▶ **Task description**:
Using the data that follows, give again word for word the lines between the one holding "補助輪ついてると三輪車の代わりになるから、 2歳半くらいから自転車に触れられていいんだけどね。 そーいうわけで…" and the one holding "Personalized Best Friends", inclusive. Omit the pictures.

▶ **Given records**:
::::::::

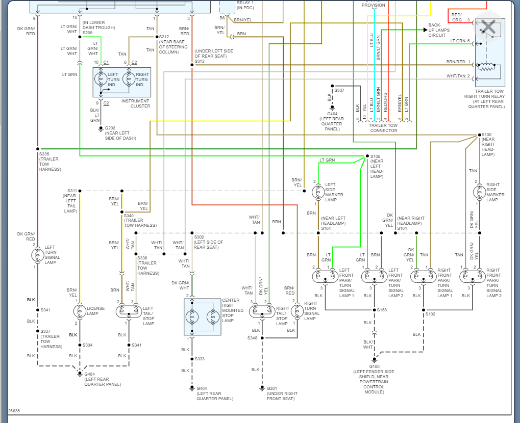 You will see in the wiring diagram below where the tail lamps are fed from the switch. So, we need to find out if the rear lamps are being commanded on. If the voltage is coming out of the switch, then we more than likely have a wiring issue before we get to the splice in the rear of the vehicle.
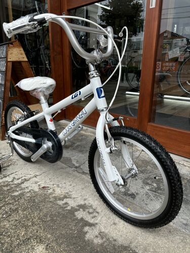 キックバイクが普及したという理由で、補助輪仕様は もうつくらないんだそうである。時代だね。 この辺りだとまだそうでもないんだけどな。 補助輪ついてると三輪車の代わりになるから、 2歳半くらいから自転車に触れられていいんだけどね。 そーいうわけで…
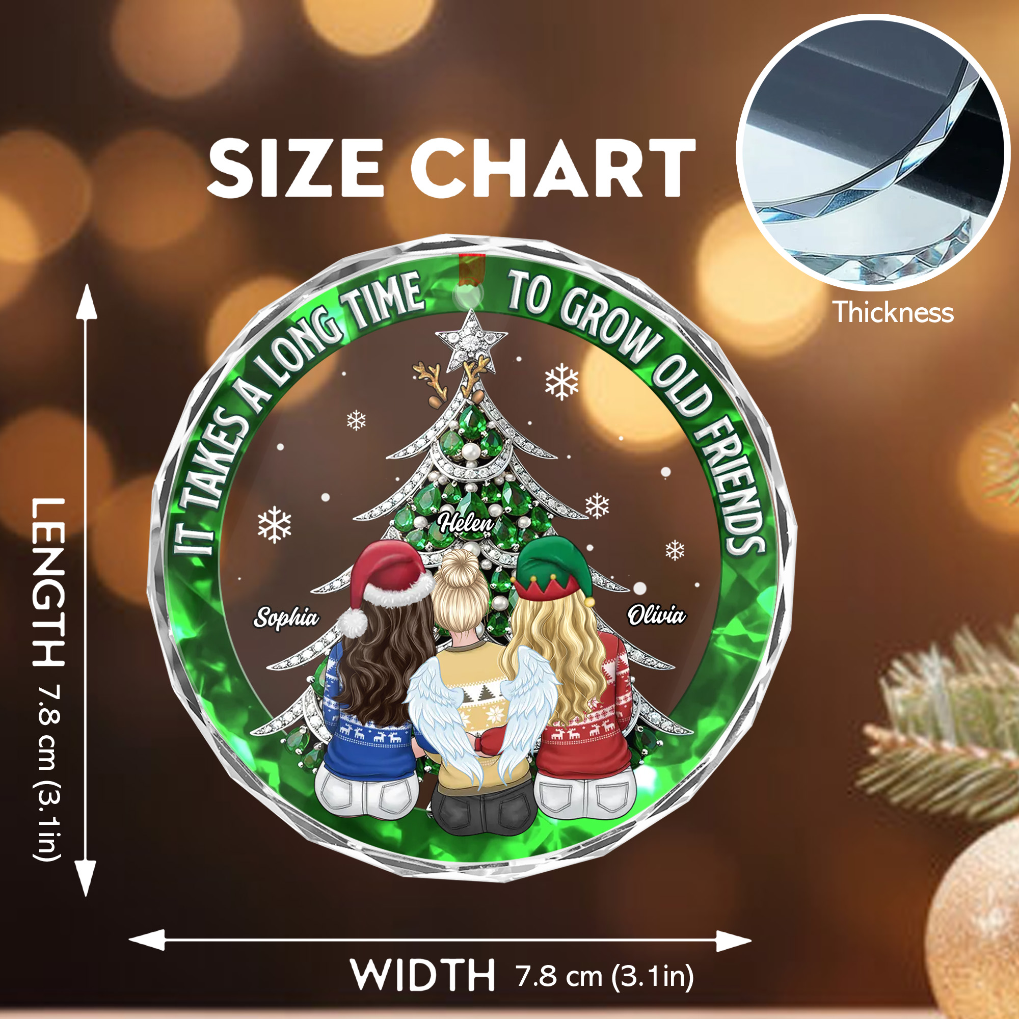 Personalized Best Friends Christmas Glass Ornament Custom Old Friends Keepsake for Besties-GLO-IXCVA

::::::::

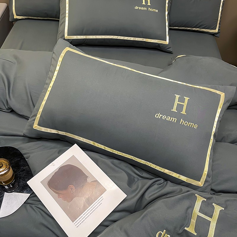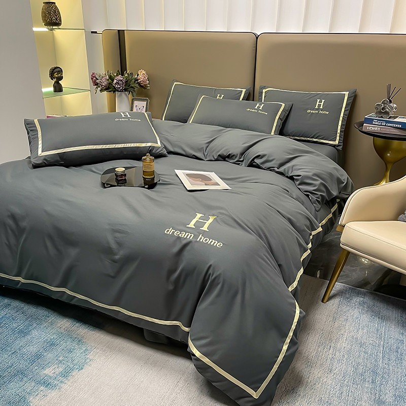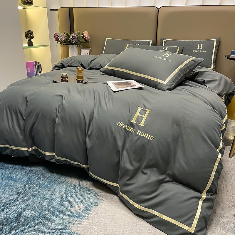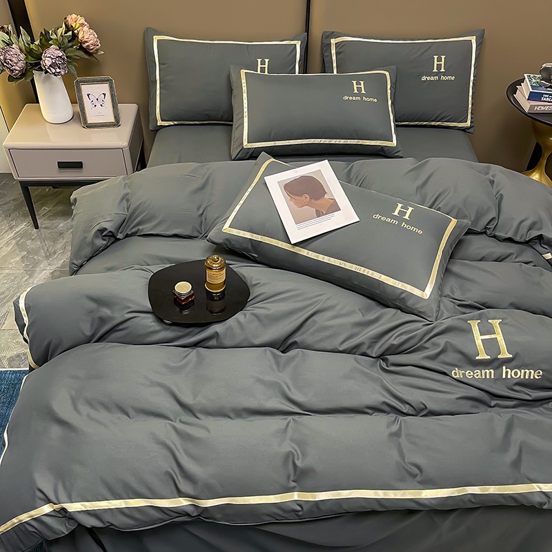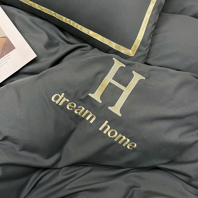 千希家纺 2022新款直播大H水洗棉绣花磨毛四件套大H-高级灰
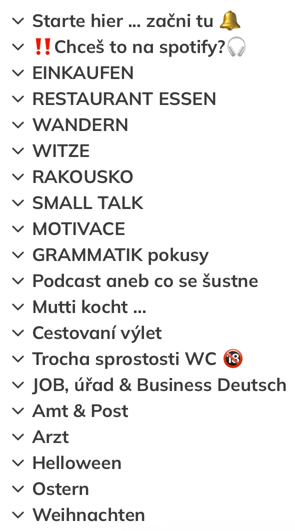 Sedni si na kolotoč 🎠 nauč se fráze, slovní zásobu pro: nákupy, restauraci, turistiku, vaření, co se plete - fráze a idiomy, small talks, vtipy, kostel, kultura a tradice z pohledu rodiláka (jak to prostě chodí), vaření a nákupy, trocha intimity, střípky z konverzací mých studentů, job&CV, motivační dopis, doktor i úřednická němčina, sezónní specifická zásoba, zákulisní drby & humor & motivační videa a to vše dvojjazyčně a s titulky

::::::::

▶ **Final answer**:
 キックバイクが普及したという理由で、補助輪仕様は もうつくらないんだそうである。時代だね。 この辺りだとまだそうでもないんだけどな。 補助輪ついてると三輪車の代わりになるから、 2歳半くらいから自転車に触れられていいんだけどね。 そーいうわけで…
 Personalized Best Friends Christmas Glass Ornament Custom Old Friends Keepsake for Besties-GLO-IXCVA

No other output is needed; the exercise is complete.